Configuration des presets pour les ensembles NLP
Types inclus dans la plupart des ensembles NLP :
- PERSON — Remplacer par des noms similaires
- EMAIL_ADDRESS — Remplacer par des adresses synthétiques
- PHONE_NUMBER — Remplacer par des numéros synthétiques
- CREDIT_CARD / IBAN — Remplacer ou Supprimer
- LOCATION — Remplacer par des lieux similaires si la géographie importe ; Supprimer sinon
- DATE_OF_BIRTH — Supprimer ; la généralisation par âge est souvent nécessaire
Types souvent exclus :
- Dates générales — les horodatages aident les modèles temporels
- Noms d'organisations — aident les modèles de reconnaissance d'entités nommées
- URLs — aident les modèles de liens et de références
Le responsable ML et le DPO définissent ces règles dans le preset approuvé. Les membres de l'équipe l'appliquent. Ils ne font pas de choix de configuration.
Les presets comme mémoire institutionnelle
Avant les presets. La bonne configuration d'entités vivait dans les têtes de trois data scientists. Ils avaient travaillé sur la revue de conformité.

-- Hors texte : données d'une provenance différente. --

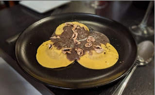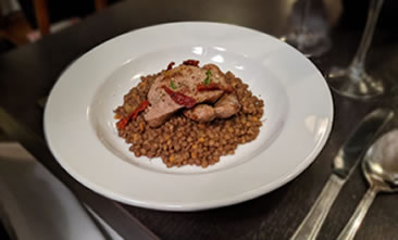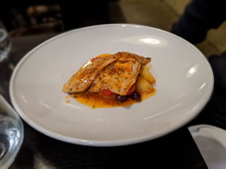 I continued with the earthy tomes for my main course, a sausage and lentil stew with Mediterranean herbs. Heart warming, don't expect a British stew with loads of gravy, the lentils absorb the liquids absorbing the herbs and seasoning.

Deux ont quitté en T3. La connaissance est partie avec eux.
Après les presets. La configuration vit dans « ML Dev — Données clients v2.1 ». Le journal de version montre quand il a été créé, qui l'a approuvé et ce qui a changé depuis v2.0. Les nouveaux membres de l'équipe utilisent le preset et héritent de toutes les connaissances intégrées.
La version 2.1 a ajouté la détection IBAN après qu'une revue a trouvé qu'elle manquait. La version 2.0 a été approuvée en février 2025. Le journal est complet.
Pour le fonctionnement des journaux de traitement et des flux de revue DPO, voir le guide d'anonymisation ML RGPD.
Presets et le modèle d'application de la CNIL
Les cas IA de la CNIL en 2024 établissent un schéma clair. Ils demandent non seulement ce qui a été retiré, mais comment c'était gouverné. Un preset partagé avec un enregistrement d'approbation du DPO et des journaux de traitement répond directement à cette question.
Une configuration ad hoc ne le fait pas. La même lacune existe dans d'autres juridictions d'autorités de protection des données de l'UE qui suivent la logique de la CNIL. Pour en savoir plus sur l'approche IA de la CNIL, voir le guide de conformité IA RGPD de la CNIL.
Conclusion
Les documents disent aux membres de l'équipe ce qu'il faut faire. Les presets rendent facile — et applicable — de le faire de la même manière à chaque fois.
Pour les ensembles ML, la cohérence est à la fois une exigence légale et technique. Le preset satisfait les deux en même temps.
Les autorités de protection des données qui examinent les pratiques IA recherchent des preuves d'une anonymisation uniforme. Un preset appliqué de la même façon pour tous les travaux sur les ensembles est la preuve la plus claire que vous pouvez fournir.